Вернувшись к себе в каюту, я запираю дверь, гашу свет и укладываюсь на койке, мысленно прокручивая перед собой все, что пережил сегодня.
Не скажу, что я остался недоволен общением с моими коллегами. На первый взгляд они показались мне очень милыми людьми, и я надеюсь, что они без труда примут меня в свой круг, как некогда волчья стая приняла Маугли.
Уже в полудреме меня внезапно поражает одна мысль. Сидя за обильным ужином в радушной компании, принимая как должное услуги вышколенного стюарда, я было совсем позабыл, что кроме атомного реактора, дающего нам энергию и освещение, в чреве стального левиафана скрыто по меньшей мере шестнадцать ракет с ядерными боеголовками.
Эти ракеты — наше крайнее средство. Три из шести наших ПЛАРБ по два месяца патрулируют моря: следуя никому не ведомым курсом, соблюдая строжайшую скрытность, они в любой миг готовы исполнить полученный по радио приказ президента Республики, послав свои ракеты в указанную им цель. Мы являемся, так сказать, сторожевыми псами Франции, защитниками ее жизненных интересов, мы постоянно щерим зубы, чтобы никто не посмел на нее покуситься.
Впрочем, сравнение это неточно. Щерить зубы — значит выставлять их напоказ, а мы не выставляем напоказ ничего. Слово «скрытность», которое я услышал сегодня вечером и которое мне предстоит еще сотни раз услышать за время плавания,— это слово на борту ПЛАРБ звучит как пароль, оно считается категорическим императивом, непреложным законом. Ничем не выдавать своего присутствия. Не раскрывать рта. Не высовывать на поверхность ни кончика носа, ни верхушки антенны, ни краешка перископа. От восьми до десяти недель наша подлодка будет бороздить океаны. Принимать радиосигналы. Но чтобы ее не засекли, сама она ничего передавать не будет. Ни разу не покажется на поверхности. Останется немой и незримой.
У нее нет иллюминаторов для обзора морских глубин, да они ей и ни к чему — ведь там, в абсолютной темноте, все равно ничего не увидишь; нет у нее и мощных прожекторов мифического «Наутилуса». У нее нет глаз, она прослушивает и прощупывает свой путь сонарами и гидрофонами. Она видит ушами.
Я смотрю на светящийся циферблат моих наручных часов. Десять минут одиннадцатого. На поверхности океана ночь, но завтра над ним взойдет солнце. Взойдет не для нас. Там, где мы находимся, царит мрак. Я стараюсь представить себе то, чего никогда не увидит глаз человека: эту исполинскую стотридцатиметровую рыбину, скользящую в черной пучине. Она слепа, но слух ее вечно напряжен.
Она вслушивается. Она не доверяет ничему, что к ней приближается. И, почуяв мало-мальскую опасность, спасается бегством или спешит залечь на дно.
Глава II
На следующее утро, в девять часов, после угрожающе калорийного завтрака, я отправляюсь в лазарет.

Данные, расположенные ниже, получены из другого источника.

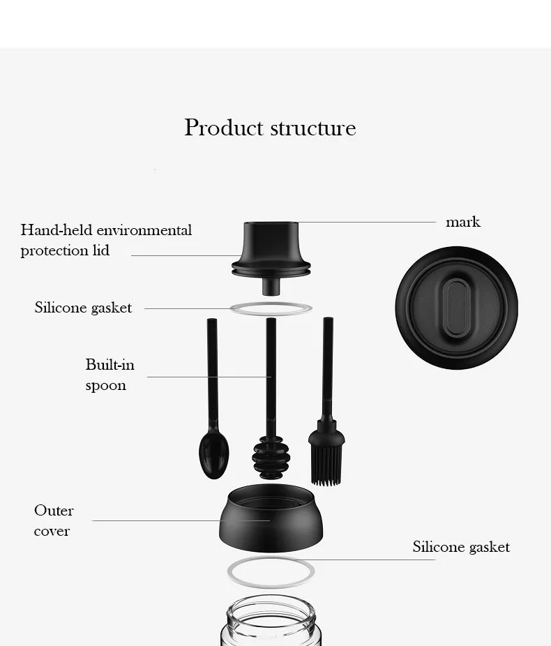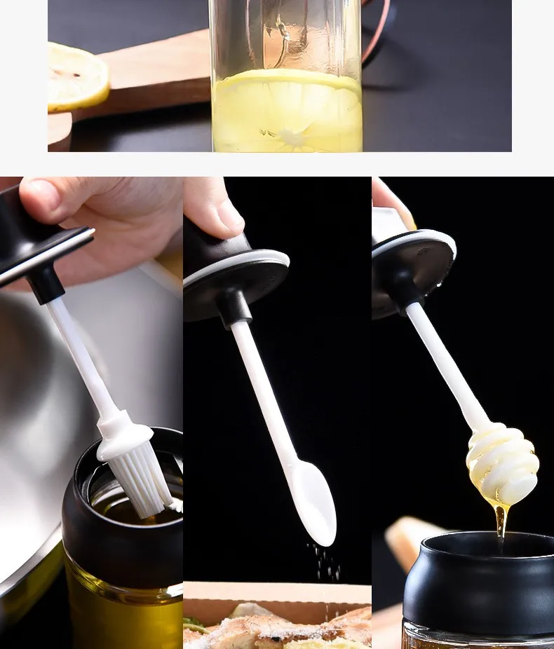 Кухонные принадлежности, банка для приправ, стеклянная Герметичная Бутылка для меда, крышка ложки, одна бутылка для приправ, семейный набор, бутылка для приправ

Легийу уже там. Он роется в металлическом ящике с кипой бумаг. Небрежно кивнув мне, он убирает все это хозяйство в стенной шкаф и запирает на ключ.
— Скажите-ка, Легийу, у доктора Мёрио были определенные часы приема?
— Нет, мсье. Да это было бы и невозможно при нашей системе вахт. Больные заходят в лазарет при первой возможности. До нас ведь рукой подать. Как говорит капитан, на подлодке не заблудишься, все ходы-выходы задраены.
— А что это за ящик я у вас видел?
— Это наш «кооператив». Ну, кооперативная лавочка, если хотите. Торгуем всякой дребеденью: конфетами, жвачкой, бритвенными лезвиями.
— И вы этой лавочкой заведуете?
— Нет, мсье,— хмыкает Легийу,— ею заведуете вы. А я только продавец.
— И в чем же состоят мои обязанности заведующего?
— Вам придется подбивать бабки в конце плаванья.
Я с безучастным видом кручусь по лазарету, глазею по сторонам. В конце концов не выдерживаю и спрашиваю:
— А не странно ли, что эта торговая деятельность уживается с медицинской службой?
— Одно другому не мешает. Вы скоро увидите.
— А доходы она приносит, эта лавочка?
— Разумеется, начальство покупает у нас разную ерунду, а потом раздает ее в качестве призов победителям всяких там игр и конкурсов. Хорошо расходятся поздравительные открытки с изображением нашей посудины — моряки посылают их родным и знакомым на Рождество.